The system uses this huge volume of metadata as well as the Value Dictionary outlined in (1) above to select multiple values with strong correlations with a given topic from among the many news articles. By searching for sentences in all of the news articles that contain one of these values, the system extracts sentences that could potentially serve as reasons or grounds for agreement or disagreement with the topic in question.
(3) Calculated reliability of the extracted sentences
The sentences extracted using the Value Dictionary (1) and the Metadata (2) are scored based on the source of the quote, the numerical evidence and the rhetorical expressions in order to estimate whether the sentences have a strong correlation with the specified topic and value. By processing all of the sentences that could potentially serve as reasons or grounds for opinions, and evaluating scores, it is possible to select and present reliable grounds.
(4) Constructed architecture to realize asynchronous distributed processing of multiple algorithms
In order to increase processing speed and present responses within a designated time period, Hitachi constructed an architecture to realize asynchronous distributed processing of multiple algorithms in the various processes, from the analysis of the main topic to the selection of values, the article search and the presentation of reasons and grounds for opinions. This architecture executes parallel distributed processing of algorithms while at the same time executing asynchronous processing to the next process, in order to extract the desired grounds within the specified period of time.
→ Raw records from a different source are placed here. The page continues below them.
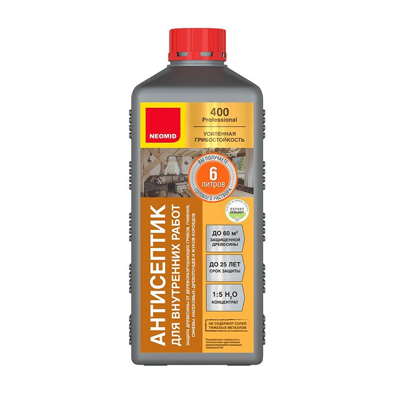 NEOMID 400 – деревозащитное средство нового поколения на водной основе для внутренних работ. Предназначено для защиты древесины на срок до 25 лет от гниения, от действия дереворазрушающих и деревоокрашивающих плесневых грибов, насекомых-древоточцев и короедов.
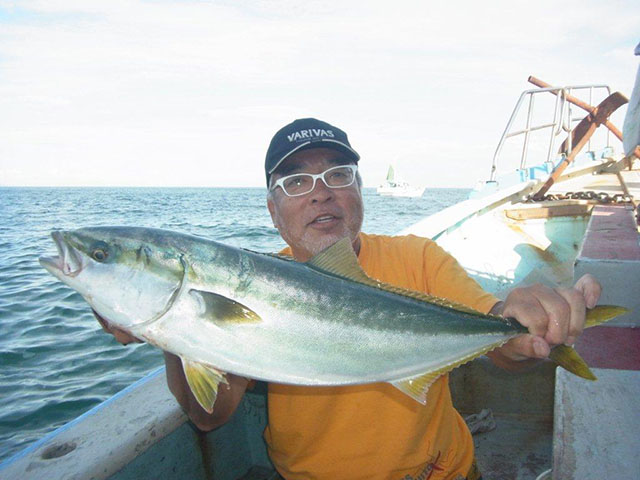 船が伊勢湾口方面に転進。少し深くなって水深が80m。イワシを掛けて、ここでも底狙い。途端に竿先がグイグイと強く引き込まれ、いったん送り込んで強く合わせる。がむしゃらに締めこむ引きは青物。船の下に潜り込んだのを強引に引き寄せ、66cmのメジロ(ワラサ)。
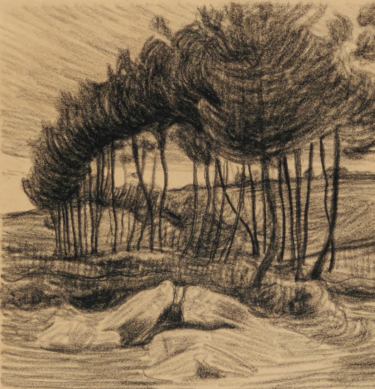 Signed with his anchor device, lower right: Hunter Wood; titled on a gallery label affixed to the frame’s backing board 30” H x 40” W
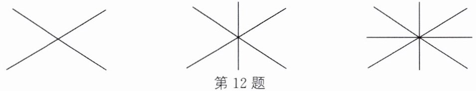 12. (新考法·探究题)如图,下列各图中,直线都交于一点,请探究交于一点的直线的条数与所形成的对顶角的对数之间的规律.
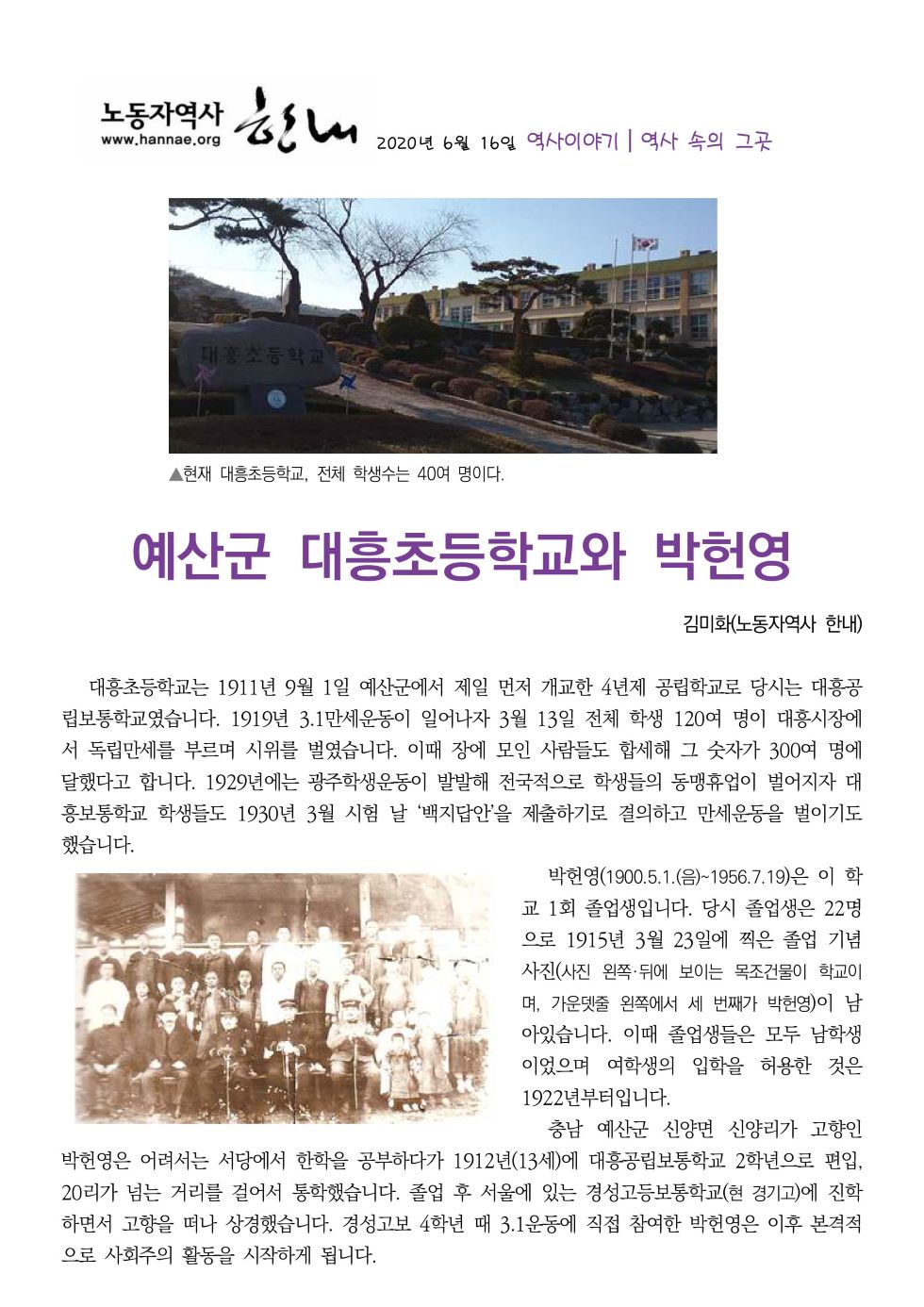 ..... 역사속의 그곳_대흥초등학교와 박헌영

Process of forming reasons and grounds
These technologies were developed with the cooperation of the Inui-Okazaki Laboratory, Graduate School of Information Sciences, Tohoku University (President: Susumu Satomi). By combining these four technologies, Hitachi have developed a technology that analyzes huge volumes of text data, and presents reasons and grounds for either affirmative or negative opinions on given topics. In the future, Hitachi will continue research and development aimed at achieving artificial intelligence that will enable logical dialogue between humans and computers.
The results outlined above are scheduled to be presented at ACL-IJCNLP 2015 (53rd Annual Meeting of the Association for Computational Linguistics and 7th International Joint Conference on Natural Language Processing), an international conference to be held in China during July 26-31, 2015.